The crucial incriminating evidence was provided by Richard Rich, who testified that More had denied the king’s title in their conversation in the Tower. More swore that he did no such thing. The jury took fifteen minutes to return a guilty verdict, after which More argued that the statute under which he was convicted violated Magna Carta, the first provision of which had guaranteed the freedom of the Church in England from temporal interference, and the King’s own coronation oath. But there was no judicial review recognized for what we would call unconstitutionality, and the presiding judge ruled that “if the Act of Parliament be not unlawful, then is not the Indictment, in my conscience, insufficient.” Meaning, presumably, that Parliament is the last word on whether a law is legally binding. So he was judged guilty, and condemned to the violent death of a traitor.
He was beheaded on Tower Hill on July 6, 1535 for following his conscience, which was thoroughly Catholic. The United States Constitution only allows conviction for treason by overt act, proved by the testimony of at least two witnesses. As we have seen, there was no overt act in the case of More, and there was only one witness against him, who most probably perjured himself.
We now enjoy rights under our constitutional system which were denied St. Thomas, like the right to remain silent, the right to counsel, the presumption of innocence, and the ability to challenge the constitutionality of laws. As G.K. Chesterton wrote in 1929, almost a century ago, “Thomas More is more important at this moment than at any moment since his death, even perhaps the great moment of his dying; but he is not quite so important as he will be in about a hundred years’ time.” Which is roughly now.
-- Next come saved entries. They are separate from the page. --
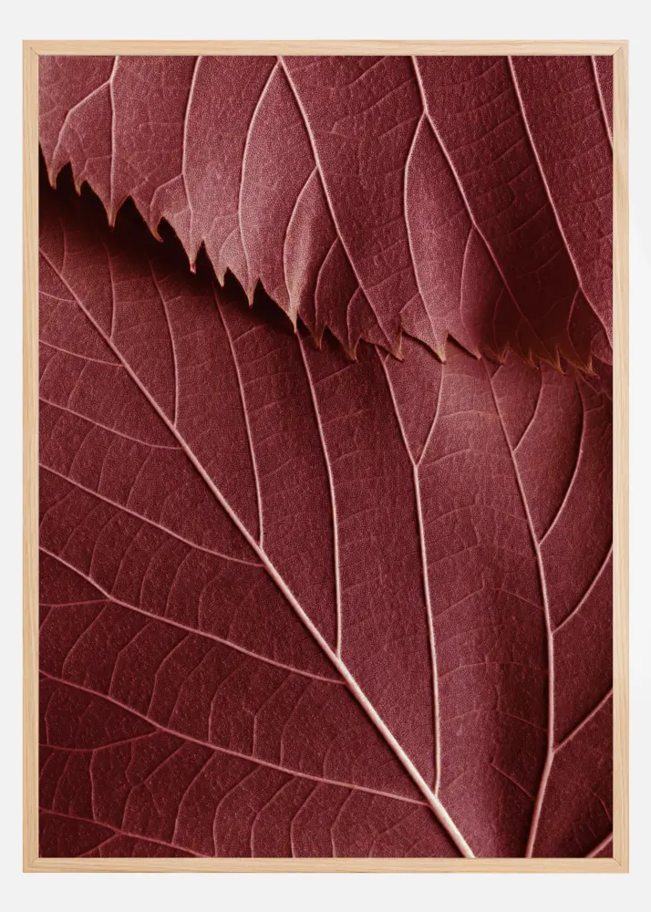 Fotografie botanică a frunzelor roșu-închis cu modele vii. Un poster elegant în nuanțe calde într-un stil care îl face perfect pentru a fi combinat cu alte motive minunate pe un perete de tablouri mai mare.
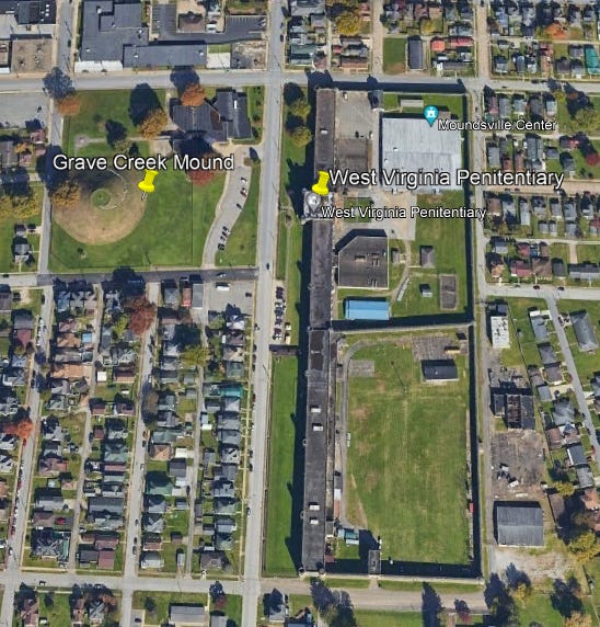 The Grave Creek Mound just so happens to be smack dab across the street from the West Virginia Penitentiary!
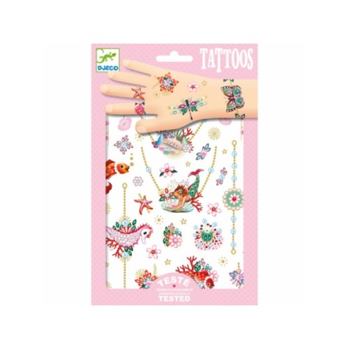 Кожен аксесуар прикрашений яскравими намистинами, квіточками. Фішкою є ніжні морські образи: русалки, рибки і черепашки. Дитячі татуювання для дівчаток можна використовувати для свята або звичайної гри з подругами. Вони легко кріпляться до шкірі і зовсім не заважають. Батьки можуть бути впевнені в якості та безпеки татуювань від французького бренду DJECO. Набори протестовані дерматологами.

Here in Massachusetts and in the United States, pressures to conform to the anti-Christian dictates of political correctness and override the rights of conscientious objection, whether it be in the area of abortion, embryonic stem cell research, homosexual marriage and adoption, are on the rise. St. Thomas More, whom Pope John Paul II proclaimed patron saint of statesmen in the year 2000, is truly more important than ever.
Dwight G. Duncan is a professor at Southern New England School of Law. He holds degrees in both civil and canon law.